As a data engineer, I always feel less confident about the quality of data I handle than the quality of code I write. Code, at least, I can run it interactively and write tests before deploying to production. Data, I most often have to wait for it to flow through the system and be used to encounter data quality issues. And it's not only the errors that are raised. It's also this feeling that there are more unknown data quality issues than code bugs waiting to be discovered. But, is data quality a more complex problem to solve than code quality?
Code quality is the process of ensuring code meets expectations. Likewise, data quality is the process of ensuring data meets expectations. In this article, I want to abstract away from expectations (known as data quality dimensions when talking about data) as these will likely be different based on your usage. Instead, I discuss the different steps to handle data quality issues: detecting, understanding, fixing, and reducing quality issues. Then I argue why I find each one of these steps harder to implement when applied to data than when applied to code.
One agreed principle is that the number of data quality issues you encounter will be proportional to the size of your code base and data. Most data repositories will be several orders of magnitude bigger than any code repository. On top of that, you can deploy code up to a few times per day, but data can get updated in milliseconds. With more data changes, there is also a higher chance that you will experience a data quality issue.
There are three main ways to detect a data quality issue:
First, your data needs a communication channel for users to report data issues. Don't underestimate this, or you will end up with more and more SQL code that patches data issues that should be fixed at the source. Then you can start adding tests to catch known data issues and data monitoring to get ahead of unknown data issues.

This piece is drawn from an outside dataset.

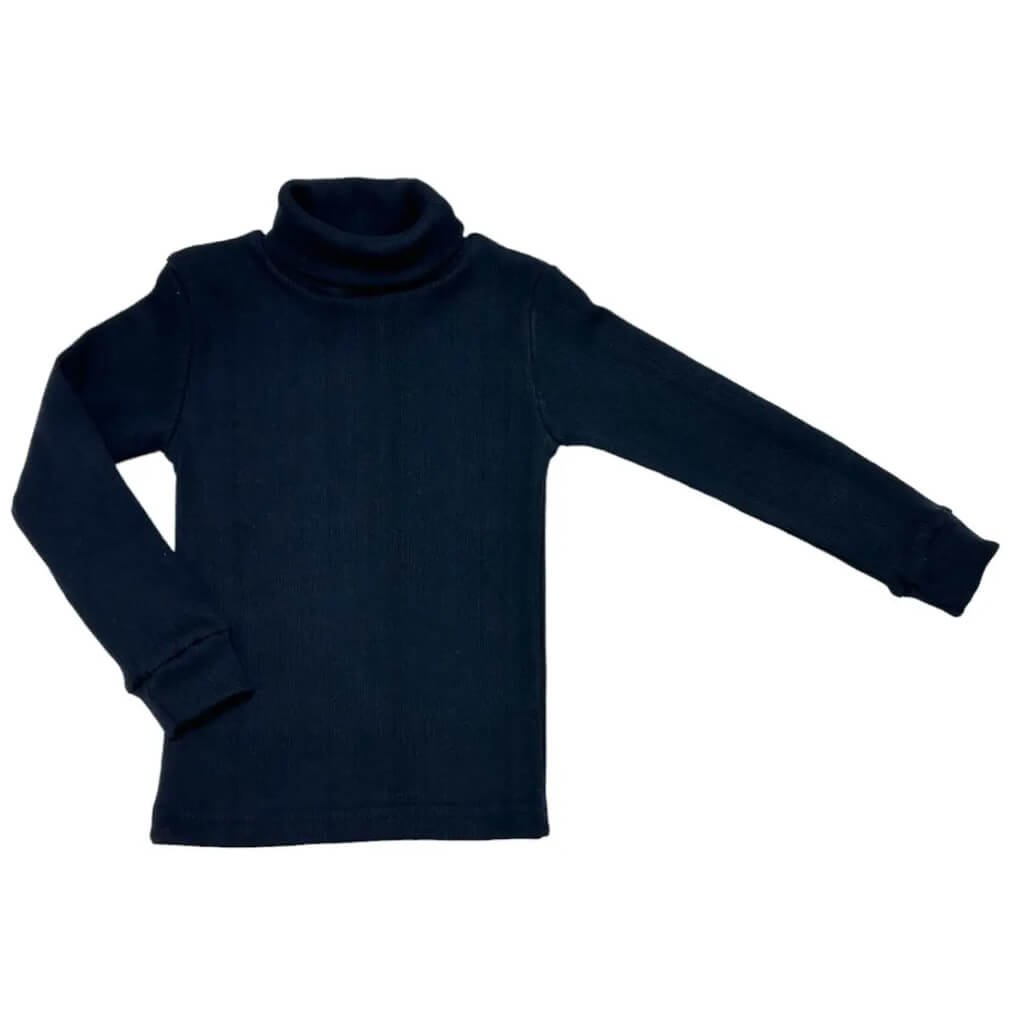 Детский гольф с горлом из утеплённого рубчика синего цвета подойдёт на прохладное время года. Внутри детская водолазка для мальчика и девочки утеплённая небольшим начёсом, а это значит, что даже на зиму такая водолазка с горлом будет идеальным вариантом. Водолазка из рубчика очень хорошо тянется и сохраняет свою форму за счёт высокого уровня эластичности ткани. Это хлопковая ткань , отличается высоким качеством и износостойкостью. Гольф на осень, весну и зиму является базовой вещью, его можно комбинировать с любыми штанами и даже юбкой, а также надевать под низ кофты.

Data testing is the process of comparing a data asset to a set of expectations. Data expectations are hard coded as rules and run on production data. On the one hand, code tests run as part of your CI pipeline before updating your production code. It's common among software engineering teams to stage code, test, and validate it before releasing it to production. On the other hand, most data teams today focus their efforts on periodically testing data at rest on databases and warehouses. To have good test coverage in a codebase, software engineering teams may attempt to have a test suite that executes all lines of code, the myth of 100% test code coverage. What does it mean to have good test coverage of your data?
The number of data tests you can potentially write is proportional to the number of columns. You are not expected to write tests for each individual row, but instead, have a few tests for each column. For example, tests can check for missing values, that values fall within a range, or that the column values in one table match the column values in another table. You can use open-source testing libraries like Great Expectations, Soda, or dbt tests to test data.

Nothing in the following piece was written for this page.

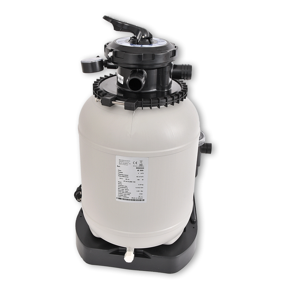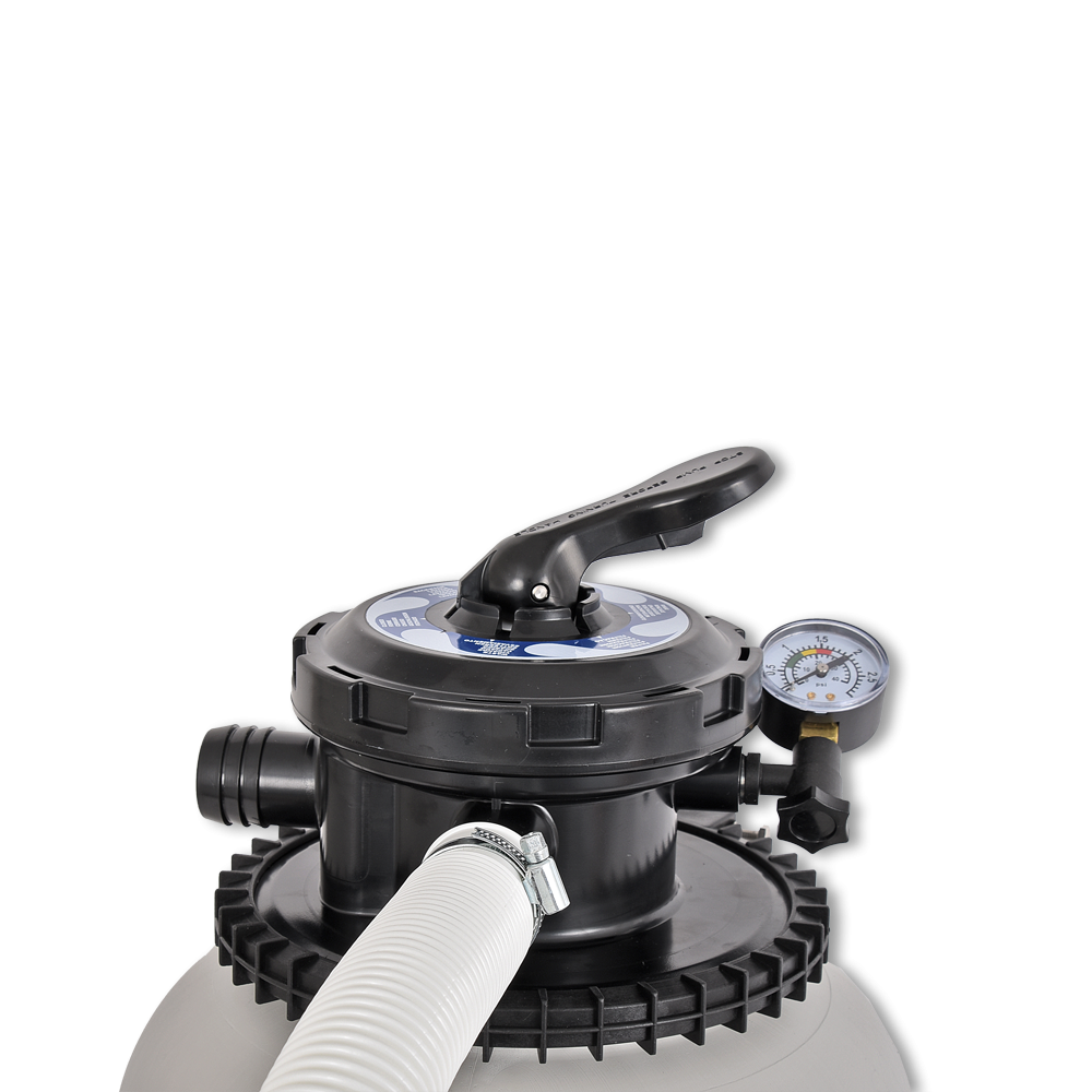 Deze serie zwembadfilters bestaat uit een PE-filter, een 6-wegsklep, een zelfaanzuigende zwembadpomp met voorfilter en verbindingsslangen.

One way to start your data quality journey is to identify the data models that are more used downstream. Of course, core models are likely to be the ones that will have a higher impact on the perception of users on the quality of your data. However, the ratio at which datasets change makes writing multiple tests for each column impractical, and many teams resort to data monitoring instead.

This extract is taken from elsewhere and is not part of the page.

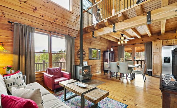 Above It All è la casa vacanza perfetta per ogni stagione! Goditi il bel tempo innevato in inverno, dove una cabina accogliente è perfetta. Resta caldo davanti al camino o rilassati nella vasca idromassaggio nel bagno padronale. Visita in estate quando il tempo è sempre perfetto e puoi goderti le rilassanti brezze estive e gli splendidi tramonti dalla veranda panoramica si affacciano. Indipendentemente dalla stagione, questa casa di montagna e la bellissima zona ti offriranno un weekend o una vacanza che tu e i tuoi cari non dimenticherete mai!

Data monitoring, also known as data observability, is the process of continuously collecting metrics about your data. For example, for each dataset, you can collect data about the number of rows, columns, and values of each. You can also collect metadata about the dataset, such as when it was last updated.
Metrics can be used to automatically create expectations from past data and help you surface unknown data quality issues. For example, if a table historically adds between five and ten thousand new rows every day, and suddenly one day it gets only a hundred new rows, monitoring will raise an alert.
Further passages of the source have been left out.